Extract every entry word for word. Skip the pictures.

----------

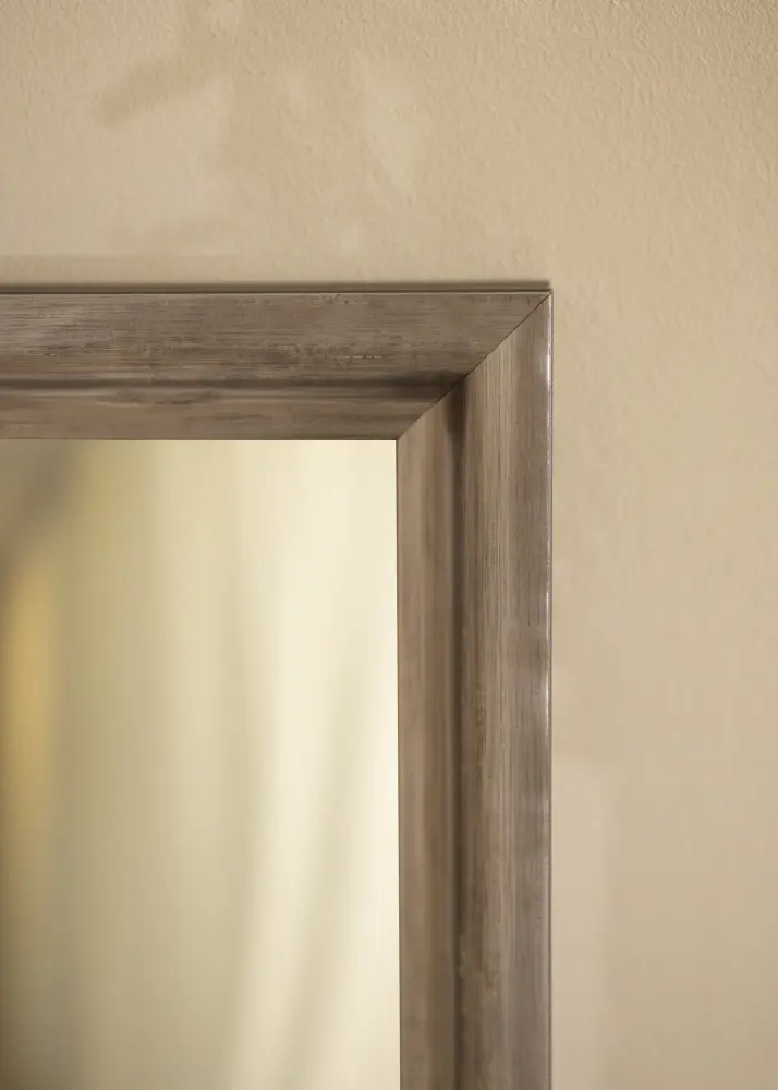 Klasszikus tükör, ahol te magad választhatod meg, mekkora tükröt szeretnél. Széles és mély profiljával ez biztosan egy olyan tükör, amelyre felfigyelnek. A tükör ezüstszínű ceruzafénye kellemes színárnyalatokkal rendelkezik, ami jól illeszkedik azokhoz a képekhez, amelyeket különleges figyelemben kívánsz részesíteni.
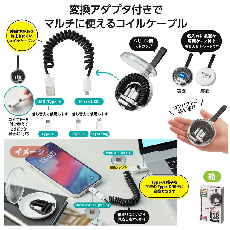 ボトル入りUSB充電ケーブル(カラビナ付き)
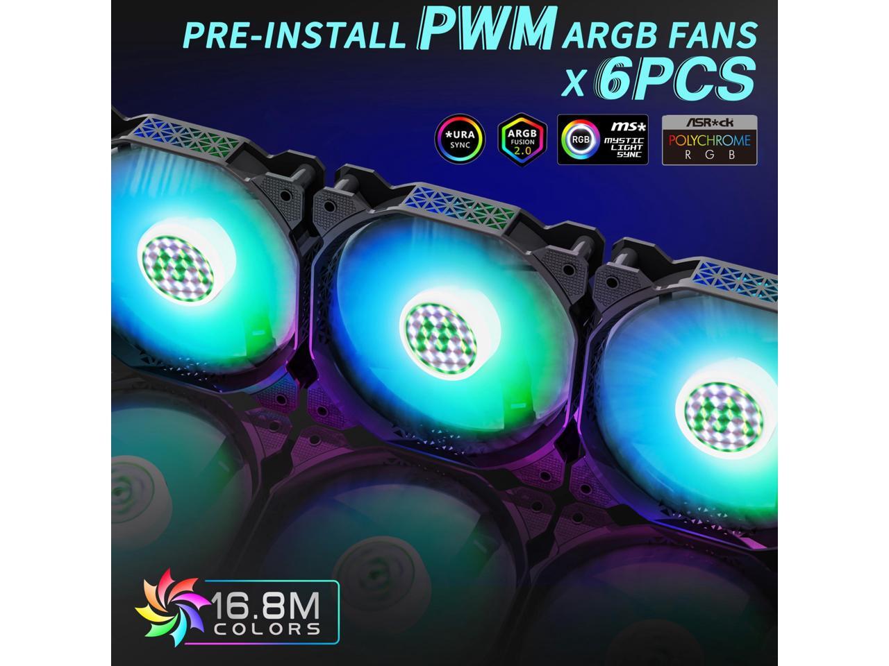 - 6 Highly Configurable PWM ARGB Fans Pre-installed- (1) Ensure your motherboard has a 3PIN rgb interface and use the motherboard lighting software to control the fans, each addressable ARGB fan can offer 16.8 million colors of special customizable lighting. (2) Adjustable speed PWM fans allow pc case for better silence and better cooling depending on demand. Also the fan with new upgraded bearings greatly extends the service life. Easy disassembly operation facilitates PC hardware assembly.
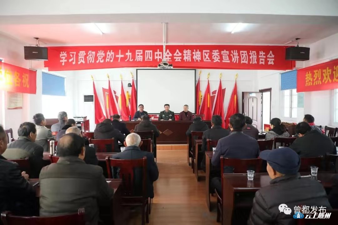 12月6日,曾都区区委常委、人武部部长魏建军到城南新区前进社区宣讲党的十九届四中全会精神。
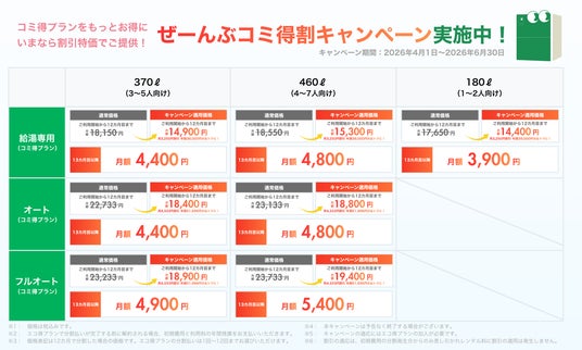 月々3,900円からエコキュートのレンタルができる「エコレンタル」に全部コミコミの「コミ得プラン」が新登場!さらに期間限定で「ぜーんぶコミ特割キャンペーン」を同時開催!
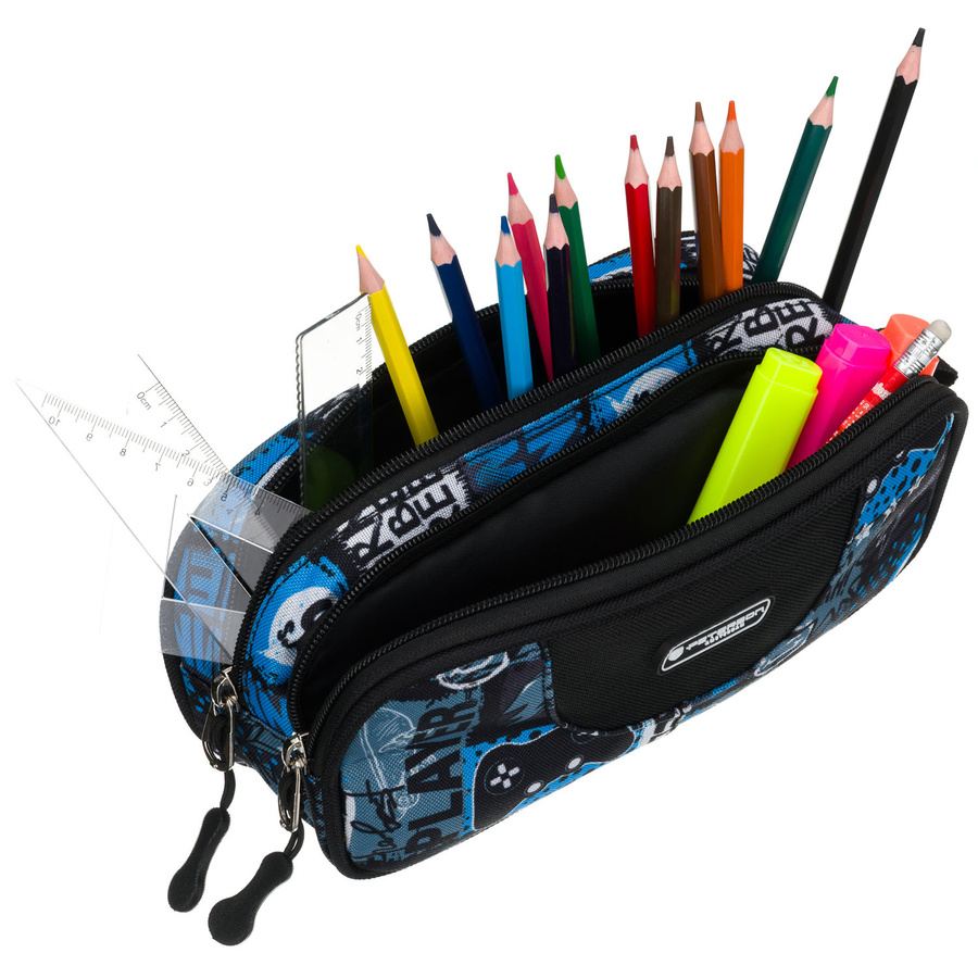 - Wygodne uchwyty suwaków – komfortowe w użyciu, nawet gdy piórnik jest wypchany po brzegi.

----------

**Task response**
 Klasszikus tükör, ahol te magad választhatod meg, mekkora tükröt szeretnél. Széles és mély profiljával ez biztosan egy olyan tükör, amelyre felfigyelnek. A tükör ezüstszínű ceruzafénye kellemes színárnyalatokkal rendelkezik, ami jól illeszkedik azokhoz a képekhez, amelyeket különleges figyelemben kívánsz részesíteni.
 ボトル入りUSB充電ケーブル(カラビナ付き)
 - 6 Highly Configurable PWM ARGB Fans Pre-installed- (1) Ensure your motherboard has a 3PIN rgb interface and use the motherboard lighting software to control the fans, each addressable ARGB fan can offer 16.8 million colors of special customizable lighting. (2) Adjustable speed PWM fans allow pc case for better silence and better cooling depending on demand. Also the fan with new upgraded bearings greatly extends the service life. Easy disassembly operation facilitates PC hardware assembly.
 12月6日,曾都区区委常委、人武部部长魏建军到城南新区前进社区宣讲党的十九届四中全会精神。
 月々3,900円からエコキュートのレンタルができる「エコレンタル」に全部コミコミの「コミ得プラン」が新登場!さらに期間限定で「ぜーんぶコミ特割キャンペーン」を同時開催!
 - Wygodne uchwyty suwaków – komfortowe w użyciu, nawet gdy piórnik jest wypchany po brzegi.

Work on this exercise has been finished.